La patente de Estados Unidos 7.780.949 de Risery DeNichilo desvela el papel de CCN2 en la producción de matriz extracelular (ECM), así como procedimientos para diagnosticar la presencia y el progreso de patologías caracterizadas por una acumulación de los componentes de la ECM midiendo el nivel de CCN2 en una muestra. El procedimiento pretende diagnosticar fibrosis renal y trastornos renales asociados, en particular, complicaciones asociadas con diabetes, hiperglucemia e hipertensión.

Gen CCN3 y sus proteínas codificadas

CCN3 es otro miembro de la familia de CCN. Se ha descrito que CCN3 existe en diversas formas. En un estudio para construir recombinantes aviares competentes retrovirales, se ha demostrado que la proteína CCN3 puede expresarse como una proteína de longitud completa con un peso molecular de aproximadamente 50 kDa o una proteína truncada más pequeña, que es un fragmento de la proteína de longitud completa (Perbal B., J. Clin. Pathol: Mol Pathol. 54: 57-79, 2001). Otras formas de proteína CCN3 también se han descrito. Por ejemplo, una proteína relacionada con CCN3 ha sido detectada en la envuelta nuclear de las células NCI-H295R y otra proteína relacionada con CCN3 se une al promotor del inhibidor del activador del plasminógeno humano de tipo 2 (PAI-2) (Perbal B., J. Clin. Pathol: Mol Pathol, 54: 57-79, 2001). El anticuerpo K19M-AF dirigido contra péptido de 19 aminoácidos C-terminal de CCN3 reveló al menos dos estados conformacionales de la proteína CCN3 nativa (Kyurkchiev S. y col., Potential cellular conformations of the CCN3 (NOV) protein. Cellular Communication and Signaling, 2: 9-18, 2004). CCN3 citoplasmático y unido a la membrana celular tiene un extremo C expuesto mientras que CCN3 secretado tiene un extremo C secuestrado, que podría deberse a la interacción con otras proteínas o consigo mismo (dimerización).

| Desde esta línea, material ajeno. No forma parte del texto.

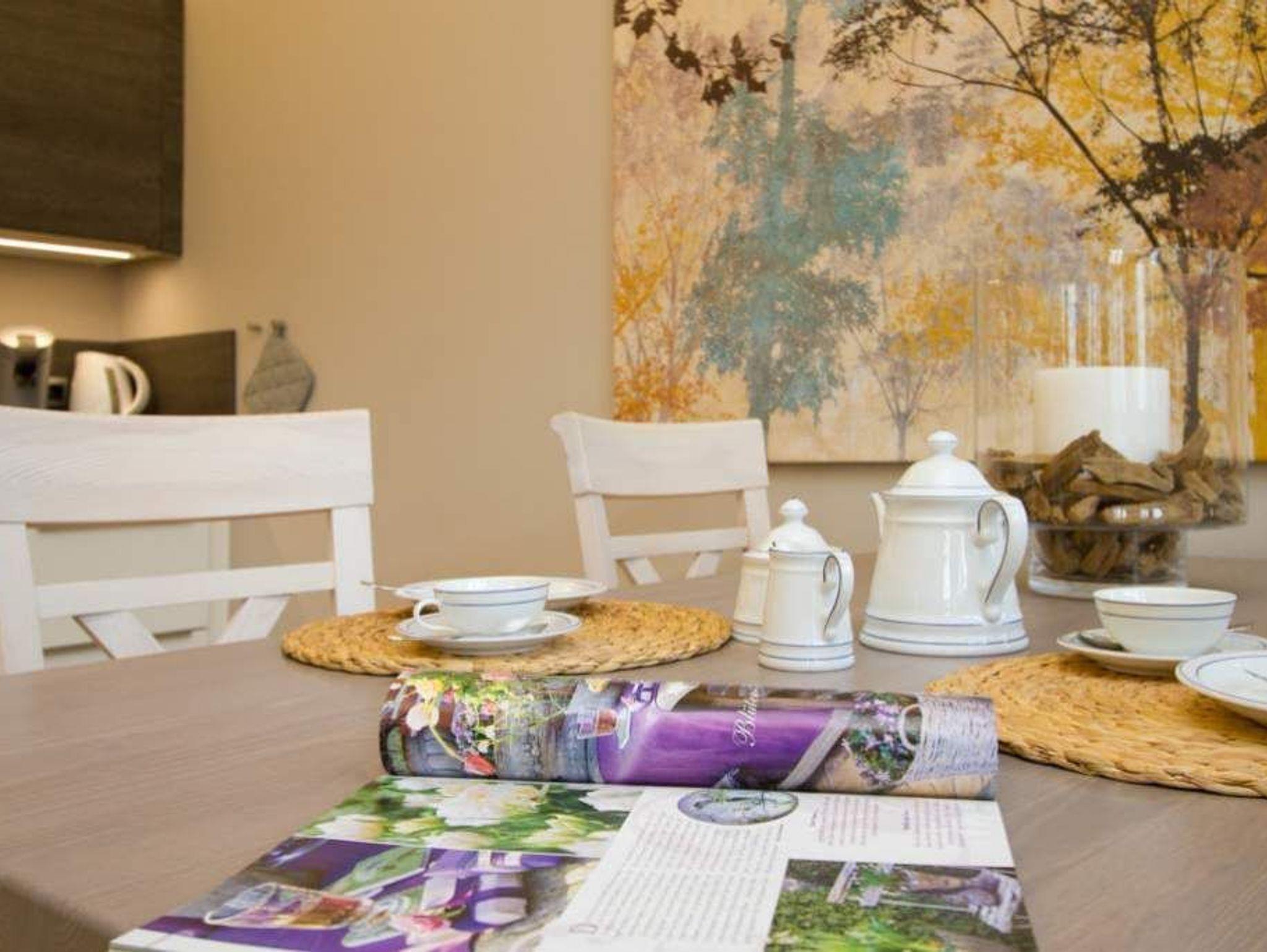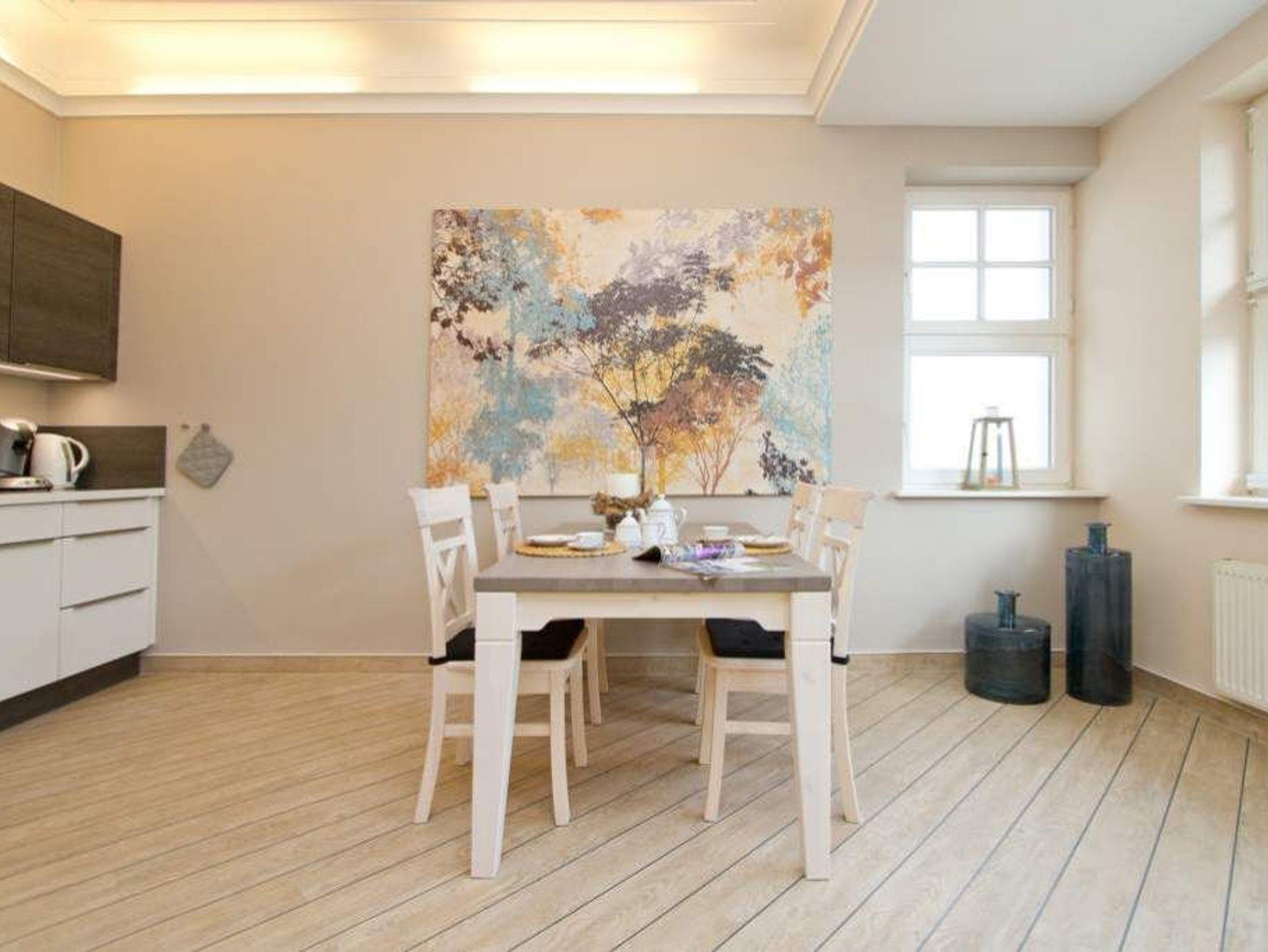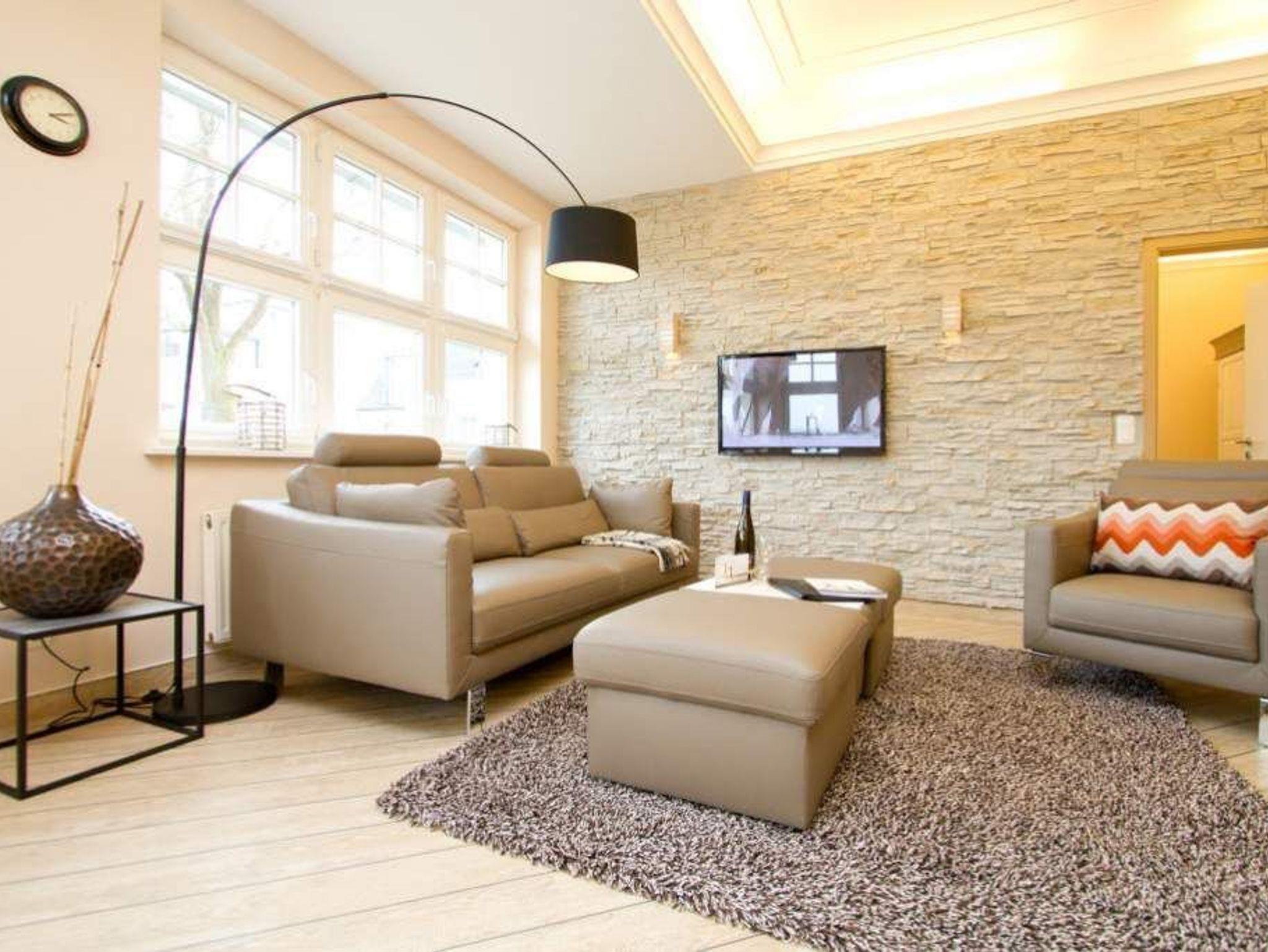 Unsere stilvolle 2-Raum-Ferienwohnung im Hochparterre des Hauses bietet auf 58 Quadratmetern ein komfortables Zuhause für zwei Erwachsene und ein Kleinkind bis zu zwei Jahren im Kinderreisebett. Die moderne Einrichtung und die geschmackvolle Dekoration mit harmonisch abgestimmten Farben und Stoffen sorgen für ein einladendes Ambiente, in dem keine Wünsche offenbleiben. Der lichtdurchflutete Wohnbereich ist mit einer gemütlichen Ledersitzgruppe und einem Flat-TV ausgestattet und geht nahtlos in die offene Küche mit Essbereich über. Von hier aus genießen Sie einen schönen Blick auf die Promenade und die Ostsee. Das großzügige Schlafzimmer überzeugt mit einem komfortablen Boxspringbett (1,80 m x 2,00 m) sowie einem weiteren Flat-TV. Das moderne Badezimmer verfügt über eine Dusche und ein WC. Für unsere kleinen Gäste stellen wir auf Wunsch ein Kinderreisebett (ohne zusätzliche Matratze und Bettzeug) sowie einen Kinderhochstuhl gegen einen Aufpreis bereit. Damit Sie sich vom ersten Moment an wohlfühlen, sind die Betten bei Ihrer Anreise bereits bezogen und frische Handtücher liegen für Sie bereit. Bitte beachten Sie, dass kein PKW-Stellplatz zur Verfügung steht.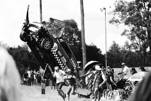 摄影师毛里斯当时就在旁边,他抓拍下了这一惊险事故。他说:“当时一片混乱,人们四散逃命。(马格鲁)在比赛中想超过另一位车手,但两辆车却撞到一起,汽车前轮腾起,越过赛道和轮胎防护墙,离地面约五六米。”

Las secuencias de aminoácidos de las proteínas CCN3 de longitud completa de diversas especies, incluyendo ser humano, han sido caracterizadas completamente y son desveladas por Li y col. (Li, C. L. y col., A role for CCN3 (NOV) in calcium signaling. Journal of Clinical Pathology: Molecular Pathology, 55: 250-261, 2002). Una proteína CCN3 de longitud completa tiene aproximadamente 357 aminoácidos.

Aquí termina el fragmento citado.